Your instructions:
The answer is a stretch of the material below, returned exactly: the line containing "Zamień ułamek dziesiętny na ułamek", the line containing "趣繪分格餐盒(帶餐具)", and all lines between.

Input:

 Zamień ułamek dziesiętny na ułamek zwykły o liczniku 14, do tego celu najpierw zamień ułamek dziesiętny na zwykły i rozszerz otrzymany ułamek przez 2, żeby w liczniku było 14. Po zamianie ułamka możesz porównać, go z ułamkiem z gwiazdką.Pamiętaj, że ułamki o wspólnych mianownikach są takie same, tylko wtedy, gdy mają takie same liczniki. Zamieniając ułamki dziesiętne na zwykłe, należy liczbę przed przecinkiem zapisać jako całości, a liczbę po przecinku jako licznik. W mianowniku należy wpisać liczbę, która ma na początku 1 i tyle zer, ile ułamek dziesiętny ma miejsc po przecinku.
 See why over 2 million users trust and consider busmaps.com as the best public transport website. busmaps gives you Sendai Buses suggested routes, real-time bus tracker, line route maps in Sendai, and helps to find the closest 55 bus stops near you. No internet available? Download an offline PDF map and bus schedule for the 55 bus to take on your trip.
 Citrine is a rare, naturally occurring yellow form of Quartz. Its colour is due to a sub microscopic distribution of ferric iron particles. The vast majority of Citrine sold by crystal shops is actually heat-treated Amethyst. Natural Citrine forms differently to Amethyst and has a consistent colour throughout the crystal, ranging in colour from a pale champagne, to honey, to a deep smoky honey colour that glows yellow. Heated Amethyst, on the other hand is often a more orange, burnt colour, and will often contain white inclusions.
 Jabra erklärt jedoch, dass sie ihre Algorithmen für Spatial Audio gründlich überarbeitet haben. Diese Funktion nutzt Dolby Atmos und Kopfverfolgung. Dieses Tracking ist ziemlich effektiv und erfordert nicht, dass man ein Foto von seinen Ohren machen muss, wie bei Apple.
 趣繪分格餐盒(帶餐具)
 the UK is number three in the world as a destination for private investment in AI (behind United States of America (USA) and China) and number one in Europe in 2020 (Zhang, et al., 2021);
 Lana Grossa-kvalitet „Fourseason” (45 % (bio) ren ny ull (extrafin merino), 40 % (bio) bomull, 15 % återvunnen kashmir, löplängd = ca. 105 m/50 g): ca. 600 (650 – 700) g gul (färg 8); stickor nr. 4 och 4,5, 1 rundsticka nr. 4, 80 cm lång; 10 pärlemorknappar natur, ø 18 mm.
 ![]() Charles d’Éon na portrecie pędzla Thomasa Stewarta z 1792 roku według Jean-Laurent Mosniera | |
...
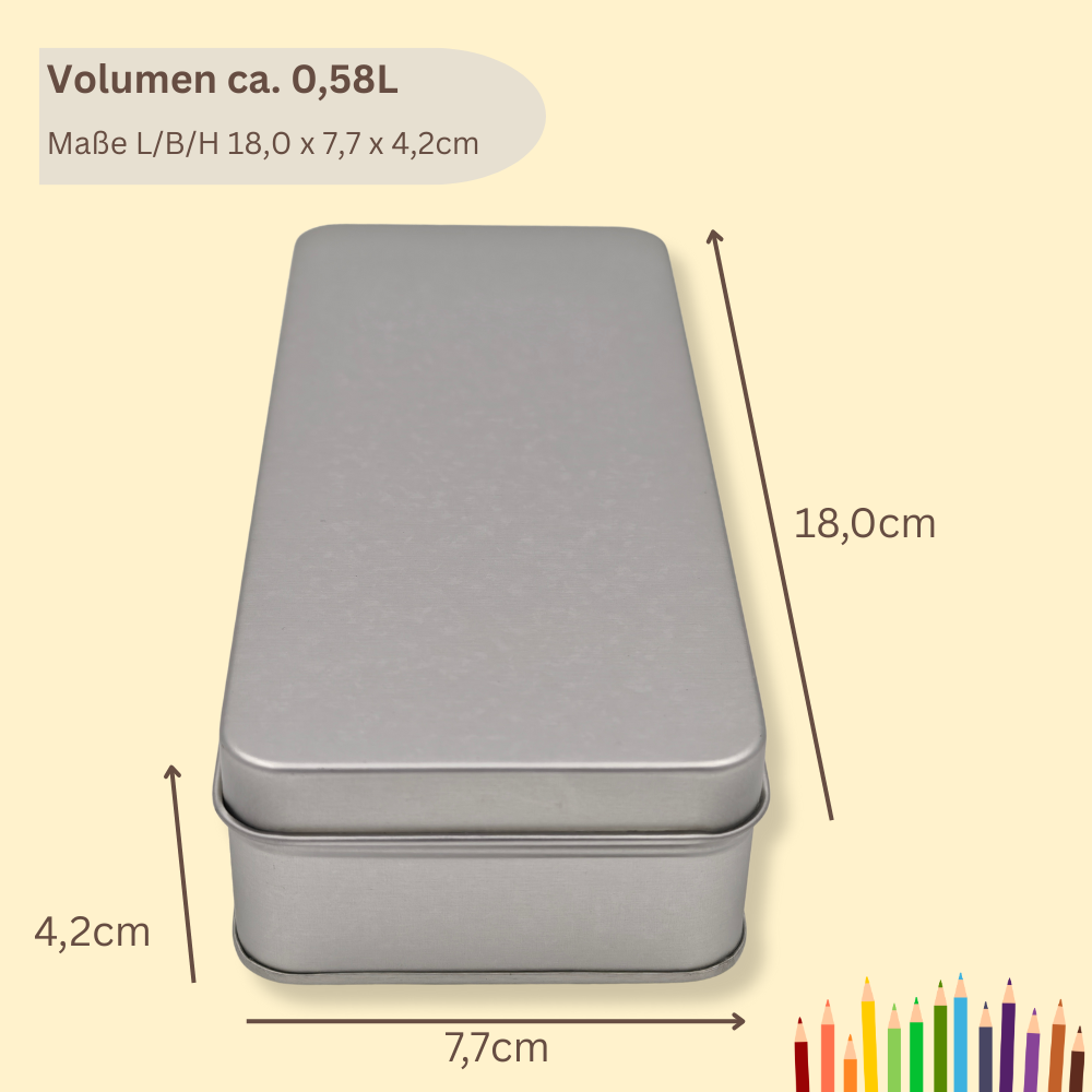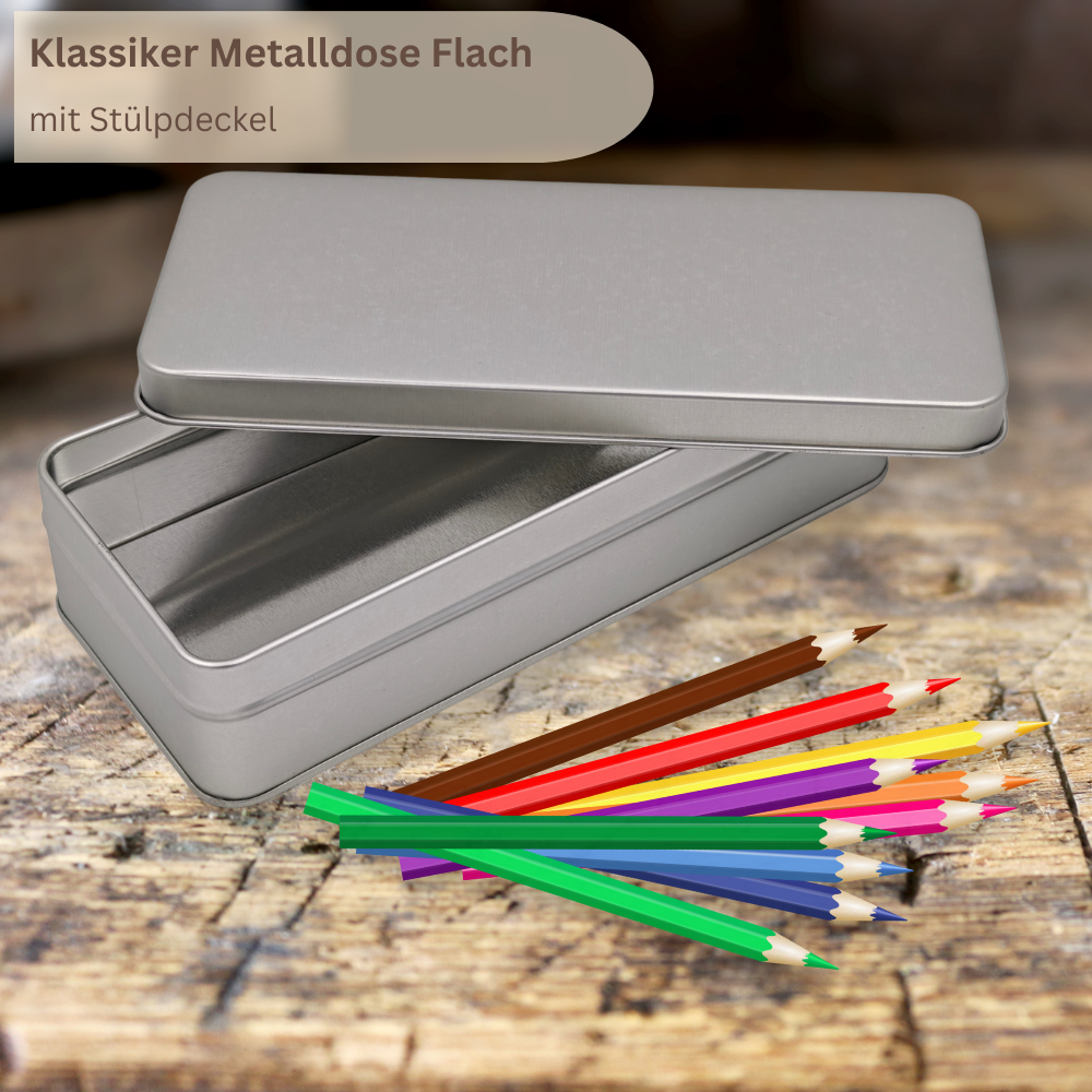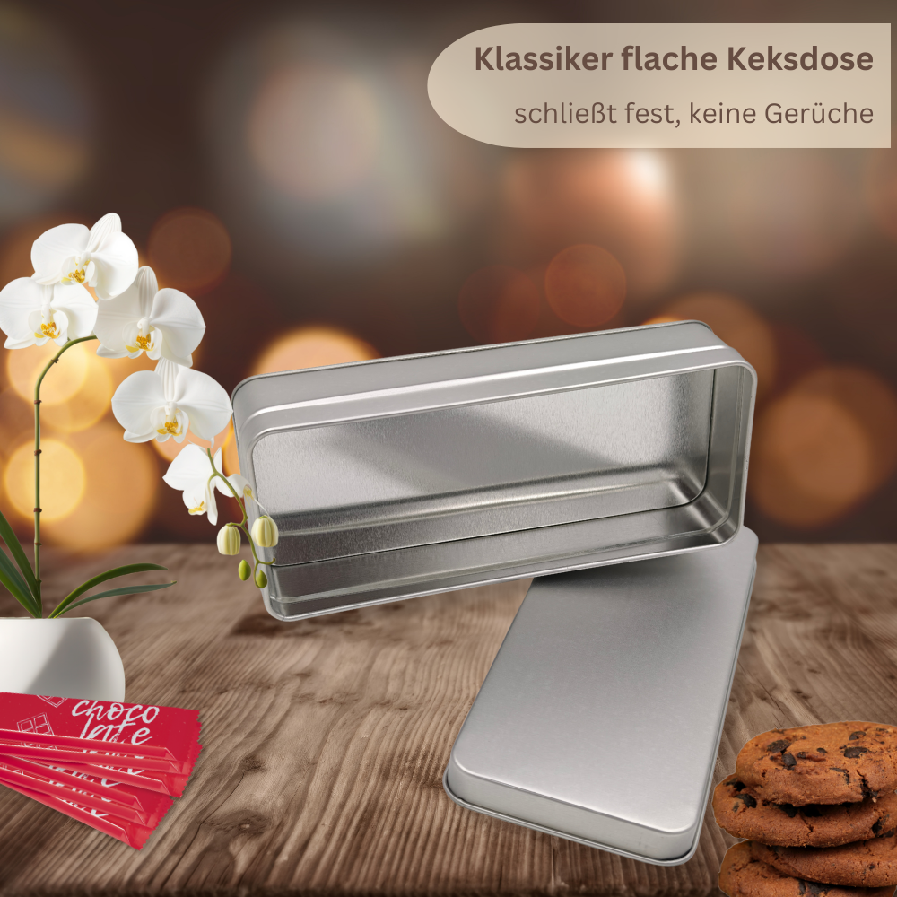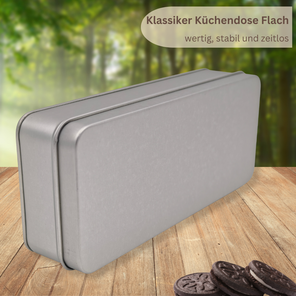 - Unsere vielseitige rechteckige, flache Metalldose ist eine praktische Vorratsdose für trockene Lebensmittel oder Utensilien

Task solution:
 Zamień ułamek dziesiętny na ułamek zwykły o liczniku 14, do tego celu najpierw zamień ułamek dziesiętny na zwykły i rozszerz otrzymany ułamek przez 2, żeby w liczniku było 14. Po zamianie ułamka możesz porównać, go z ułamkiem z gwiazdką.Pamiętaj, że ułamki o wspólnych mianownikach są takie same, tylko wtedy, gdy mają takie same liczniki. Zamieniając ułamki dziesiętne na zwykłe, należy liczbę przed przecinkiem zapisać jako całości, a liczbę po przecinku jako licznik. W mianowniku należy wpisać liczbę, która ma na początku 1 i tyle zer, ile ułamek dziesiętny ma miejsc po przecinku.
 See why over 2 million users trust and consider busmaps.com as the best public transport website. busmaps gives you Sendai Buses suggested routes, real-time bus tracker, line route maps in Sendai, and helps to find the closest 55 bus stops near you. No internet available? Download an offline PDF map and bus schedule for the 55 bus to take on your trip.
 Citrine is a rare, naturally occurring yellow form of Quartz. Its colour is due to a sub microscopic distribution of ferric iron particles. The vast majority of Citrine sold by crystal shops is actually heat-treated Amethyst. Natural Citrine forms differently to Amethyst and has a consistent colour throughout the crystal, ranging in colour from a pale champagne, to honey, to a deep smoky honey colour that glows yellow. Heated Amethyst, on the other hand is often a more orange, burnt colour, and will often contain white inclusions.
 Jabra erklärt jedoch, dass sie ihre Algorithmen für Spatial Audio gründlich überarbeitet haben. Diese Funktion nutzt Dolby Atmos und Kopfverfolgung. Dieses Tracking ist ziemlich effektiv und erfordert nicht, dass man ein Foto von seinen Ohren machen muss, wie bei Apple.
 趣繪分格餐盒(帶餐具)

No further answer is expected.